Sebbene tali leggi furono largamente eluse dagli italiani presenti in colonia, che fino alla caduta dell’impero continuarono a praticare il madamato e unirsi a donne indigene nonostante il rischio di finire in carcere, esse ebbero indubbiamente degli effetti devastanti sulla popolazione italo-africana. Essendo stati equiparati ai nativi dal punto di vista giuridico, sul finire degli anni Trenta, i meticci nati dalle unioni miste videro infatti svanire le già tenui possibilità di acquisire la cittadinanza italiana [6] così come l’opportunità di accedere alle «scuole e gli altri istituti di carattere sociale ed educativo, che storicamente avevano servito le comunità a retaggio misto» [7]. Nella gerarchia imperiale imposta dal fascismo per salvaguardare il prestigio della razza italica, il meticcio finì insomma per rappresentare un elemento destabilizzante che doveva essere in qualche modo occultato o comunque assorbito all’interno della categoria dei nativi.

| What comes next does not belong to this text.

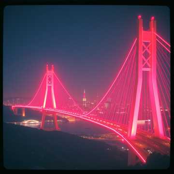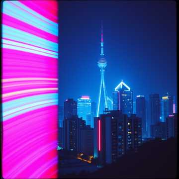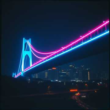 Stadium Live experience, Epic fusion of Indie-Rock and Synthwave, featuring driving electric guitars, punchy basslines, shimmering synth arpeggios, atmospheric pads, and dramatic drum patterns around 120–125 BPM, Use soaring vocal lines with dynamic builds and echoing effects to create an emotional, cinematic atmosphere, Layer subtle choral textures and reverb-heavy synth leads to enhance the sense of grandeur, Percussion should blend live drums with electronic elements, giving a modern yet timeless feel, Emphasis on building tension and release throughout the song, creating an immersive, energetic journey, The song title is "Neon Bridges, ", ‑Pure Ambient, ‑Chillout, ‑Reggae, ‑Trap (passen nicht zum dramatisch-epischen Vibe)

I programmi di ortopedia sociale proposti dal regime fascista per ridefinire lo spazio imperiale secondo dettami razziali si scontravano però con l’esistenza dei cosiddetti «insabbiati», cioè uomini che non solo avevano familiarizzato con l’elemento indigeno ma la cui esistenza era ormai radicata profondamente nella condizione coloniale. Nel periodo di cui ci stiamo occupando, l’accusa di insabbiamento veniva rivolta, molto spesso, ai «vecchi coloniali». Con questa espressione si definivano tutti quei funzionari statali, agenti di commercio e militari che, avendo passato gran parte della propria vita in colonia, avevano contribuito a strutturarne la vita sociale, economica e culturale, grazie anche alla conoscenza degli usi, dei costumi e delle lingue delle popolazioni locali. Non di rado essi avevano instaurato relazioni più o meno formali con donne indigene e riconosciuto i figli nati da tali unioni.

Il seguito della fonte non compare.